Water and heat transport in boreal soils: Implications for soil response to climate change

Abstract

Soil water content strongly affects permafrost dynamics by changing the soil thermal properties. However, the movement of liquid water, which plays an important role in the heat transport of temperate soils, has been under-represented in boreal studies. Two different heat transport models with and without convective heat transport were compared to measurements of soil temperatures in four boreal sites with different stand ages and drainage classes. Overall, soil temperatures during the growing season tended to be over-estimated by 2–4 °C when movement of liquid water and water vapor was not represented in the model. The role of heat transport in water has broad implications for site responses to warming and suggests reduced vulnerability of permafrost to thaw at drier sites. This result is consistent with field observations of faster thaw in response to warming in wet sites compared to drier sites over the past 30 years in Canadian boreal forests. These results highlight that representation of water flow in heat transport models is important to simulate future soil thermal or permafrost dynamics under a changing climate.

Introduction

A large fraction (approximately 33–37%) of terrestrial carbon (C) is stored in boreal soils (Ping et al., 2008, Tarnocai et al., 2009b). Over the last four decades, air temperatures in the boreal region have increased during winter and spring by 0.2 to 0.3 °C per decade, accompanied by increased precipitation in autumn and winter (Jones and Moberg, 2003, Smith and Reynolds, 2005). In some regions, higher air temperatures are likely triggering increases in net primary production (Bond-Lamberty et al., 2004) as well as changes in soil hydrology (Striegl et al., 2007, Walvoord and Striegl, 2007).

Changes in boreal hydrology may result in a positive feedback to global warming, either via increased emissions of CH₄ in previously frozen and now flooded areas or via increased production of CO₂ from decomposition or combustion in drained areas. Hydrological changes might also shift the distribution of peatlands, wetlands, and lakes (Rapalee et al., 1998, Vitt et al., 2000). While in some areas thawing of permafrost can promote the development of wetlands and lakes (thermokarst), in other areas permafrost degradation can lead to drainage (Jorgenson and Osterkamp, 2005). In central Siberia, 11% of lakes > 40 ha have shrunk or disappeared between 1973 and 1997/1998 (~ 93,000 ha of regional lake surface) (Smith et al., 2005). Degradation of permafrost over the last two decades has been reported from northern Alaska (Jorgenson et al., 2001), yet the environmental factors responsible for the loss of permafrost are debated with evidence for both the direct effects of warmer temperatures and/or the effects of increasing precipitation (Agafonov et al., 2004).

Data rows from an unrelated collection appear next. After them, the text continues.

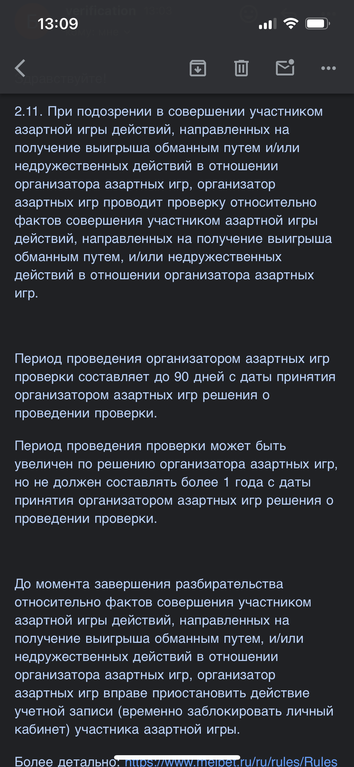 2 месяца проходила у Мелбет верификацию, куча заданий, подробного пояснения к которым они не давали ни в какую, поэтому еле разобралась, что им от меня надо. Позже стали добавляться новые задания: что-то по ЖКХ, скинуть договор с арендодателем кв, которую я снимаю, ЧТООООО?? Я им написала, что изначально этого в условиях для прохождения верификации не было, с какого ***** я должна это скидывать? они отстали по этому вопросу))) Вооооот, спустя 2 месяца меня допустили до видеоверификации, созванивались неделю назад, сказали ожидать, напишут на почту. И пропали) ничего не пишут. Меня скамят?
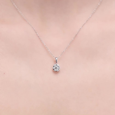 Подвеска с 1 бриллиантом выращенным, 0.19 карат, огранка круг 57 граней, цвет 3, чистота 6, тип огранки А; 6 бриллиантами выращенными, 0.27 карат, огранка круг 57 граней, цвет 3, чистота 6, тип огранки А; Белое золото 585 пробы.
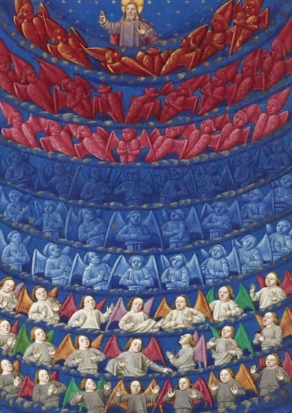 Az angyalok három hármasságban, kilenc karban állnak Isten körül:
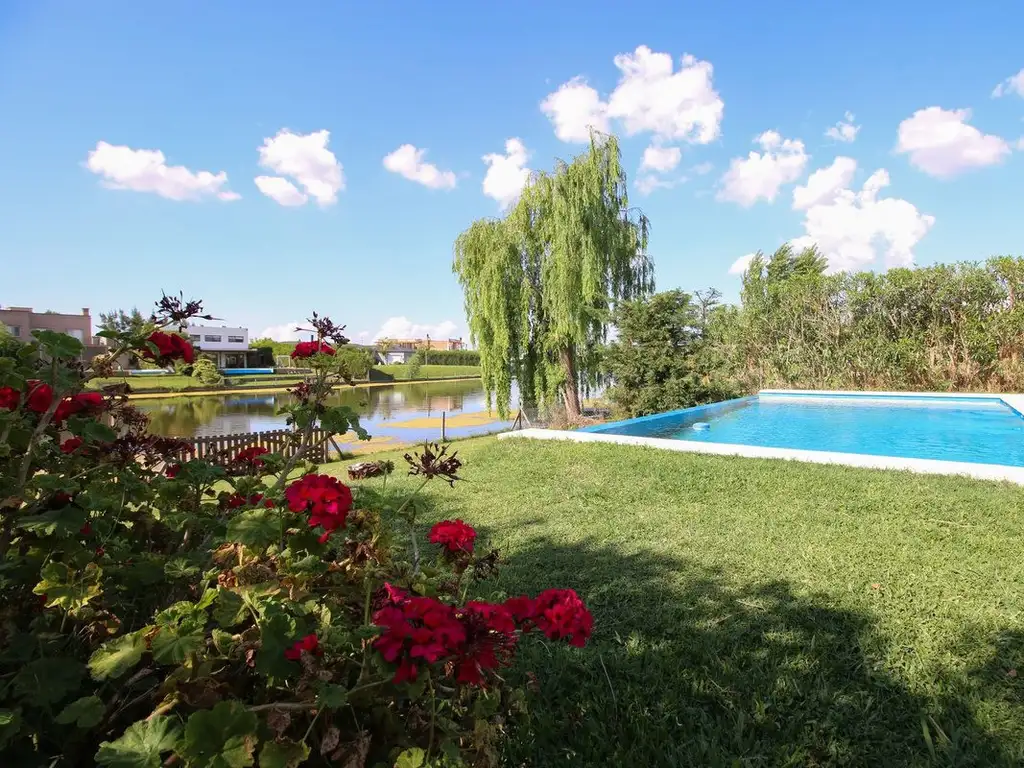 La planta baja ofrece un amplio living y comedor con salida a la galería, con vistas al parque y la laguna. Además, cuenta con un espacioso escritorio o 5to dormitorio y una toilette de recepción. La cocina es de amplias dimensiones, con lavadero separado, y cuenta con una habitación y baño de servicio.
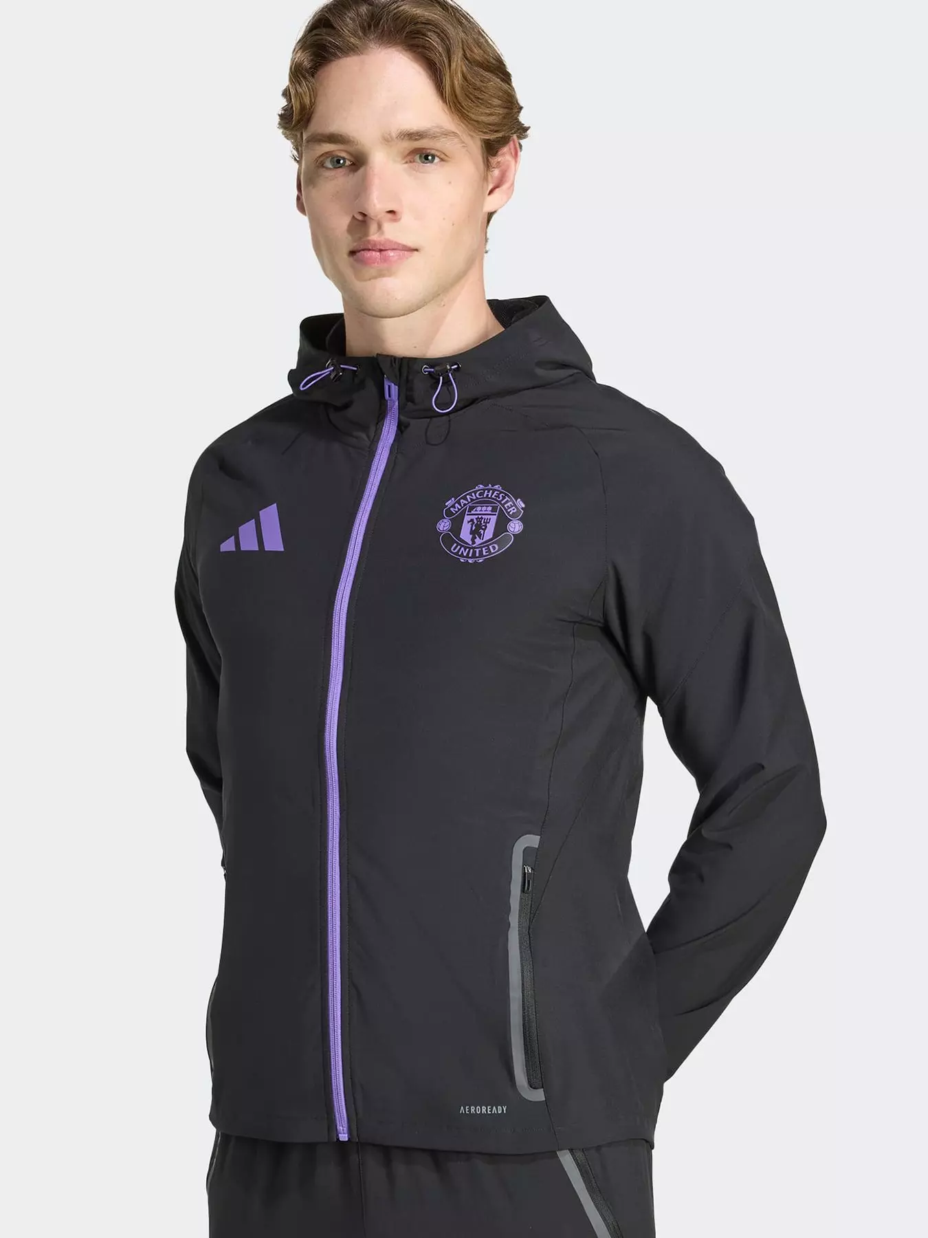 - However far you go, this adidas Manchester United jacket will keep you comfortable every step of the way. Combining technical detailing, soft, stretchy fabric and moisture-managing AEROREADY, it ensures you look and feel the part every time you leave your front door.
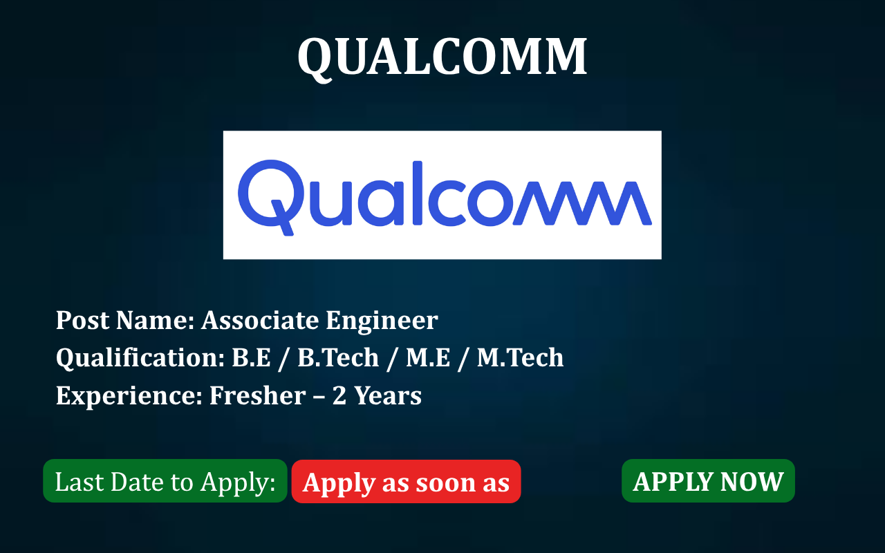 Introduction Qualcomm is hiring fresh graduates for the role of Associate Engineer in Bangalore and Chennai. This is an excellent opportunity for candidates with a background in engineering to work on next-generation technologies like 5G and embedded systems. If you are passionate about innovation, wireless communication, and software development, this role offers a strong platform … Read more
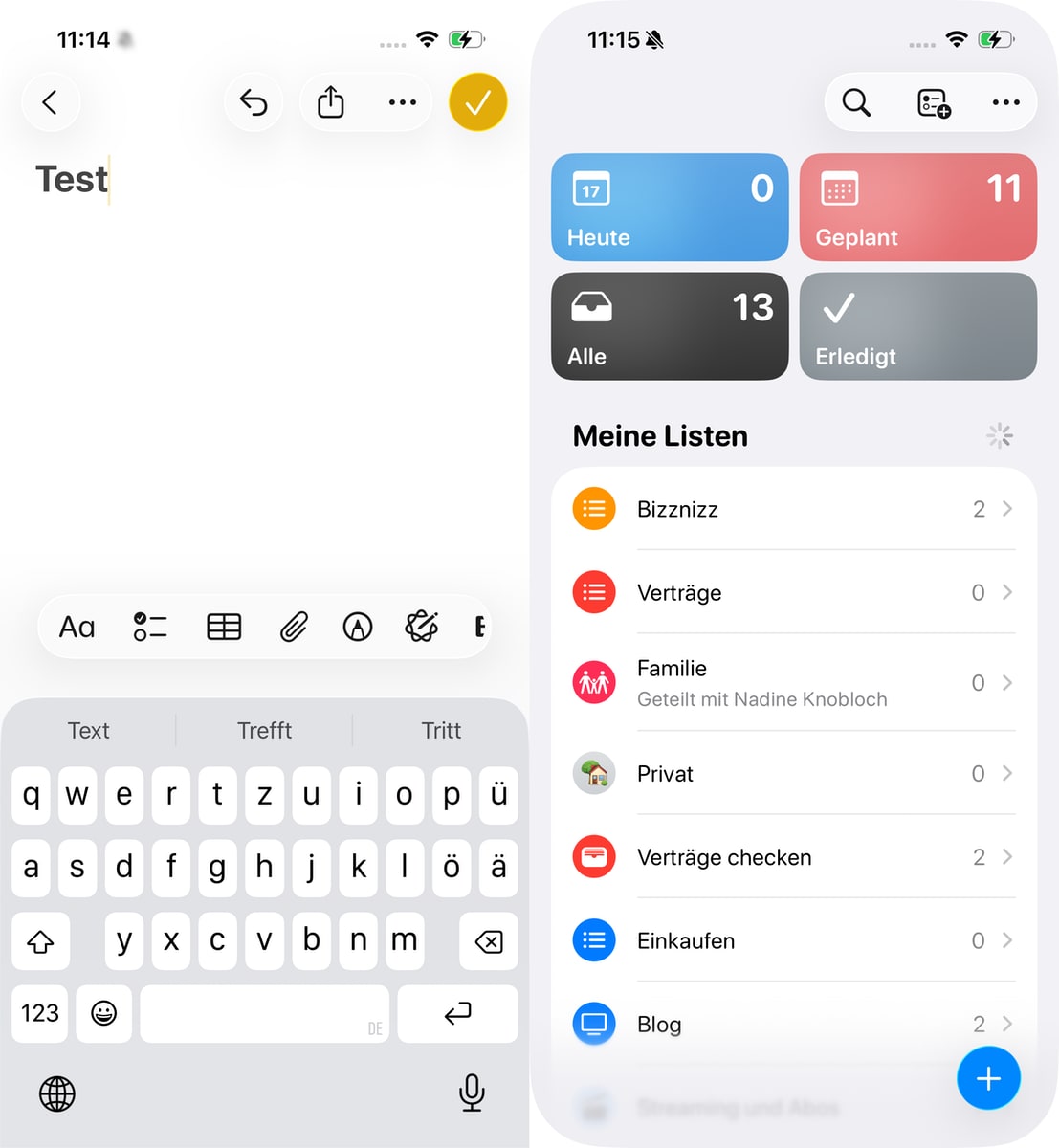 Die Benutzeroberfläche zeigt sich in der Notiz-App durch eine kompaktere Toolbar und abgerundeter Tastatur, während in den Erinnerungen die verschiedenen Bereiche jetzt in Vollfarbe statt in Weiß erscheinen.
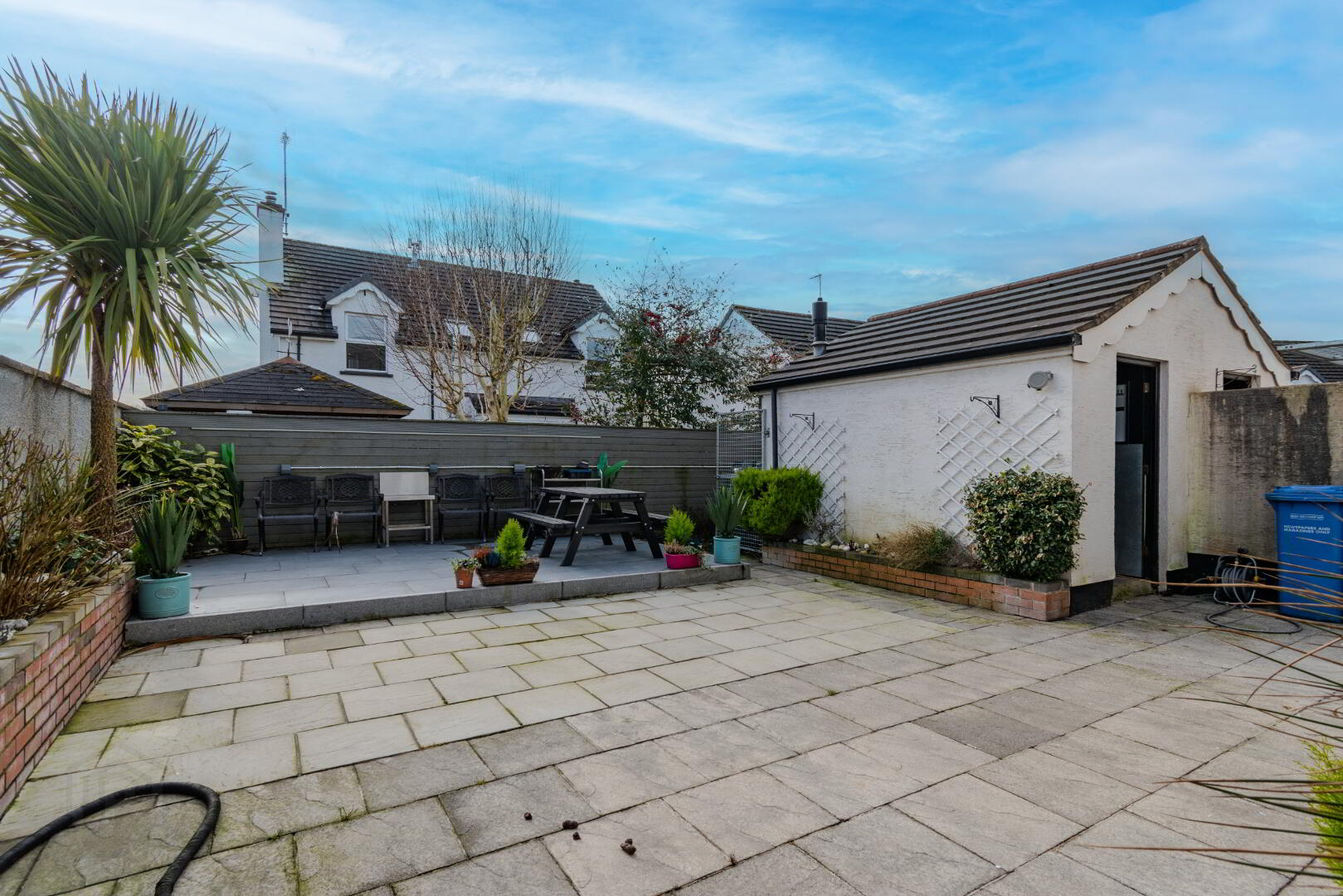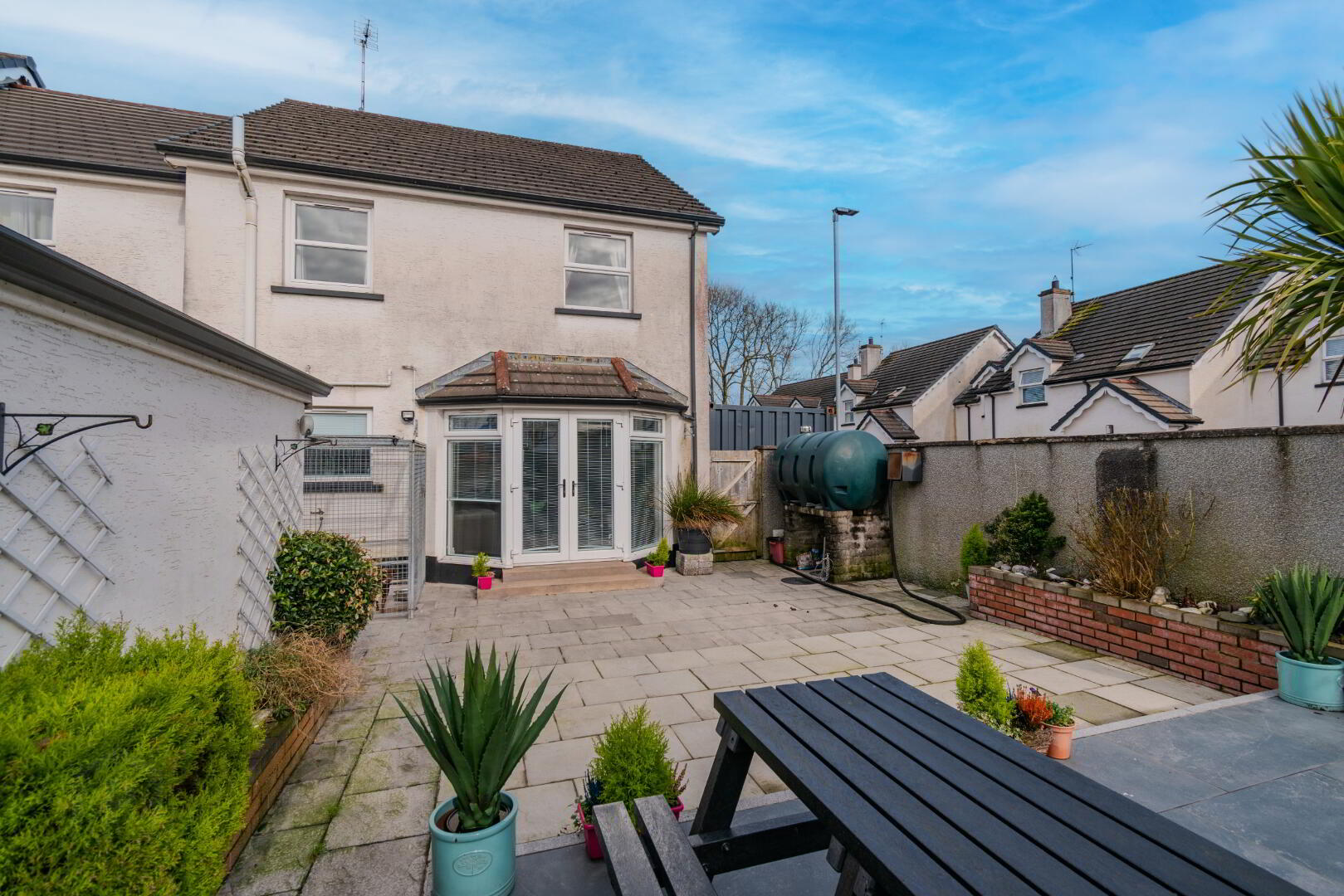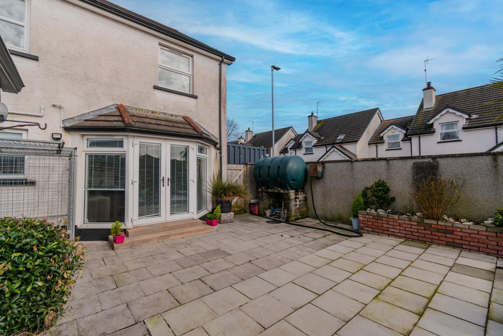 Low-Maintenance, Fully Enclosed Rear Yard with Raised Patio Space, Outside Tap, Oil Tank, Outdoor Socket Points.

Heat transport through soils is a critical factor in determining how permafrost changes in response to climate. In most of the existing biophysical models used in boreal settings, pure heat conduction, which is mainly influenced by the particle contact area (Jury and Horton, 2004), is assumed to be the main mechanism of heat transport in the soils. However, heat conduction is not the only mechanism for heat transport in soils and ecosystems. Cahill and Parlange (1998) indicated that liquid water and thermally-induced vapor movement (convection) contributed to ~ 50% of soil heat flux in temperate soils. In boreal soils where moisture is highly variable across space and through seasons, the role of water movement could be an important factor in seasonal soil energy dynamics and in the long term response of boreal systems to changes in climate. Additionally, the convection of latent heat by water vapor movement in response to temperature gradients will release energy through evaporation–condensation processes, resulting in rapid heat transfer with only minor changes in soil moisture content (Jury and Horton, 2004, Kane et al., 2001).

Two heat transport models used to describe soil thermal dynamics were compared in this study. In Model 1, heat was transported by conduction and convection via the movement of liquid water and water vapor; in Model 2 heat was transported exclusively by conduction, a formulation similar to the commonly used soil physical models for boreal soils, for example, FORFLUX (Zeller and Nikolov, 2000), CLASS (Verseghy, 1991), LPJ-GUESS (Wolf et al., 2008), and Wetland-DNDC (Zhang et al., 2002).